In 1813, the Ottoman Empire's currency system was in a state of profound disarray, a direct consequence of prolonged warfare, fiscal desperation, and a deep-seated monetary crisis. The empire had been embroiled in nearly continuous conflict, including the recent Russo-Turkish War (1806-1812) and internal rebellions, which drained the treasury and led to severe debasement of the primary silver coin, the
kuruş. Successive Sultans, lacking sufficient silver reserves, had drastically reduced the silver content of newly minted coins to fund state expenses, creating a chaotic circulation of older, purer coins and newer, debased ones. This practice, known as
tağşiş, destroyed public confidence, as people hoarded old coins and rejected new ones, leading to multiple exchange rates and widespread economic uncertainty.
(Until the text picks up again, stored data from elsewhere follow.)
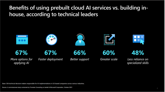 These are just a few of the practical ways organizations have found efficiency and utility in out-of-the-box AI services that didn’t demand an unreasonable investment of time, effort, or customization to deploy.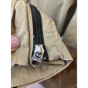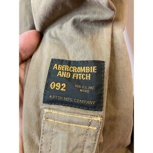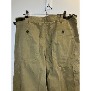 The product is a vintage pair of Abercrombie & Fitch men's pants in size L, featuring a khaki color and a relaxed fit with wide-leg style. Made from a blend of nylon and cotton fabric, these cargo pants have a high rise and flat front design with ankle zip accents and logo detailing. The pants have a cargo pocket style with multiple pockets for added functionality, perfect for casual or travel occasions. With a 30.5-inch inseam and 34-37 adjustable buckle waist size, these pants embody a grunge and 90s army-inspired theme.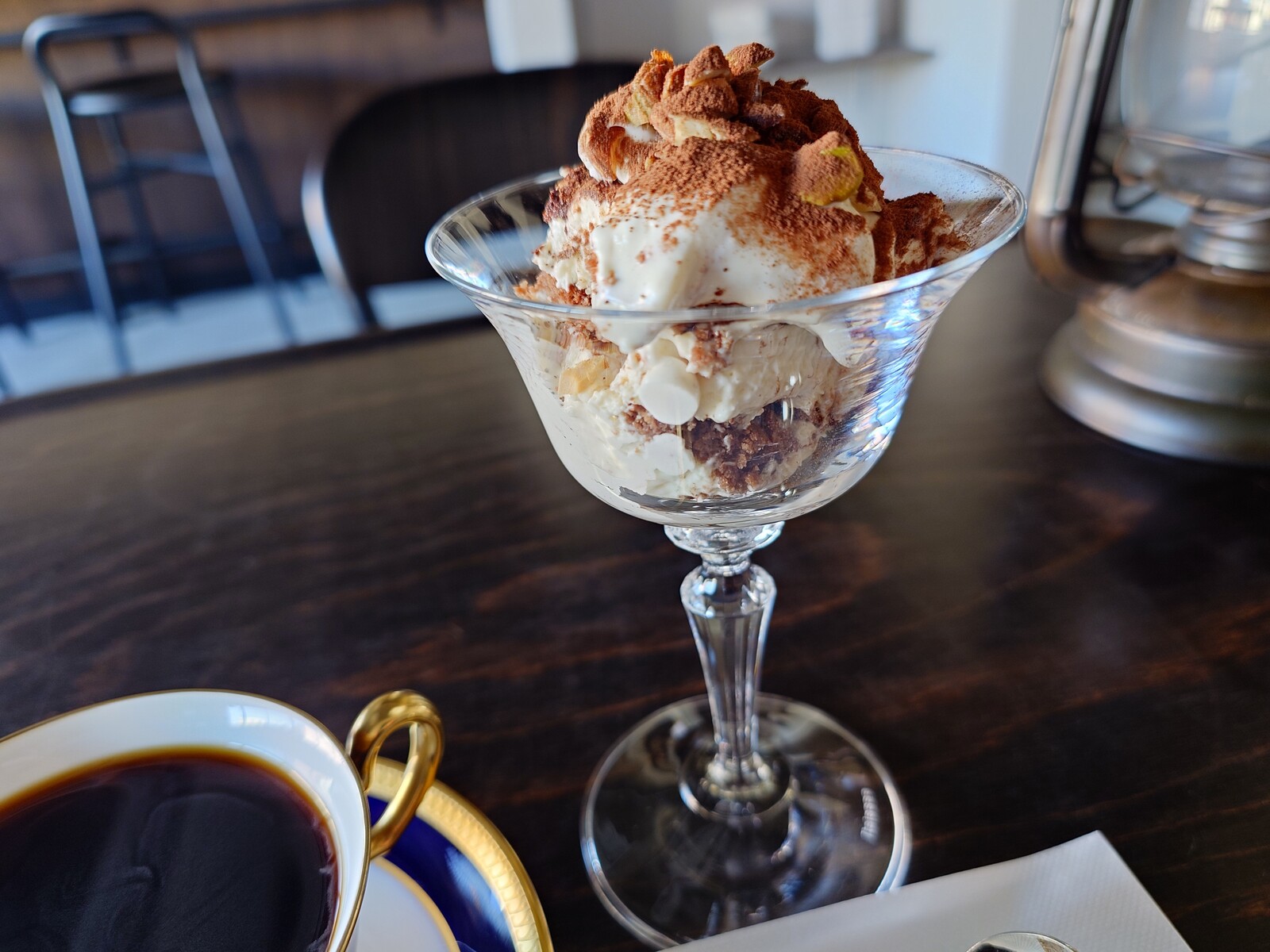珈琲六杏のクールなたたずまいで味わうティラミスとブレンドコーヒー

The monetary landscape was a complex and fragmented patchwork. Alongside the official Ottoman coinage, a vast array of foreign currencies—especially Austrian thalers, Spanish dollars, and Dutch lion dollars—circulated freely and were often preferred for their reliable silver content. These foreign coins were essential for both international trade and large domestic transactions, underscoring the state's loss of monetary sovereignty. Furthermore, the empire lacked a unified, standardized coinage; provincial mints operated with some autonomy, and the widespread use of debased copper
mangır for small daily transactions added another layer of complexity to an already unstable system.
This currency instability had severe socioeconomic consequences. It disrupted trade, encouraged speculation, and caused price inflation that disproportionately burdened the common people and salaried officials, including the Janissaries, whose fixed pay in devalued currency fueled discontent. The chronic shortage of sound money also stifled economic development and complicated tax collection, as the state itself struggled to ascertain the real value of its revenues. Thus, in 1813, the Ottoman monetary system was not merely an economic issue but a critical symptom of the empire's broader administrative and structural weaknesses, highlighting an urgent need for reform that would only be tentatively addressed in the coming decades under Sultan Mahmud II.